- Origin: Detroit, Michigan, United States
- Genre: Southern gospel
- Instrument: Vocals
- Years active: 1950s–1963, 1990–present
- Labels: MorningStar, Elim, Sonlite, Spring Hill, Daywind, Gaither Music Group, StowTown
- Members: Michael Booth; Ronnie Booth; Buddy Mullins;
- Past members: Ron Booth Sr.; Joseph Smith; Jim Brady; Paul Lancaster;
- Website: www.boothbrothers.com

= The Booth Brothers =

Southern Gospel Trio

The Booth Brothers is an American southern gospel vocal trio. It was originally formed in 1957 by four brothers but disbanded in 1963. It was reformed in 1990 by one of the original members, Ron Booth, with two of his sons, Michael and Ronnie Booth. Ron Booth retired in 1998, and was replaced by Joseph Smith, who was in turn replaced by Jim Brady, followed by Paul Lancaster.
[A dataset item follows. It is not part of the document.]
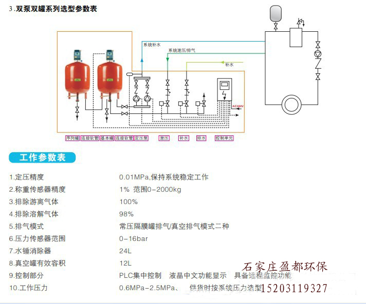 提高設(shè)備的傳熱效率消除管道噪音及系統(tǒng)中氣阻現(xiàn)象 脫氣單臺處理水系統(tǒng)容積最大可到 150m³一用一備,雙立式泵補水功能

In June 2021, it was announced that Ronnie Booth would be leaving the group and be succeeded by former Gaither Vocal Band lead singer Buddy Mullins.

==Group history==

The Booth Brothers was initially formed in the 1950s by Ron Booth Sr. with his brothers Charles, James, and Wallace, after they moved to Detroit. However, Ron decided to disband the group in 1963 when he joined the Toney Brothers.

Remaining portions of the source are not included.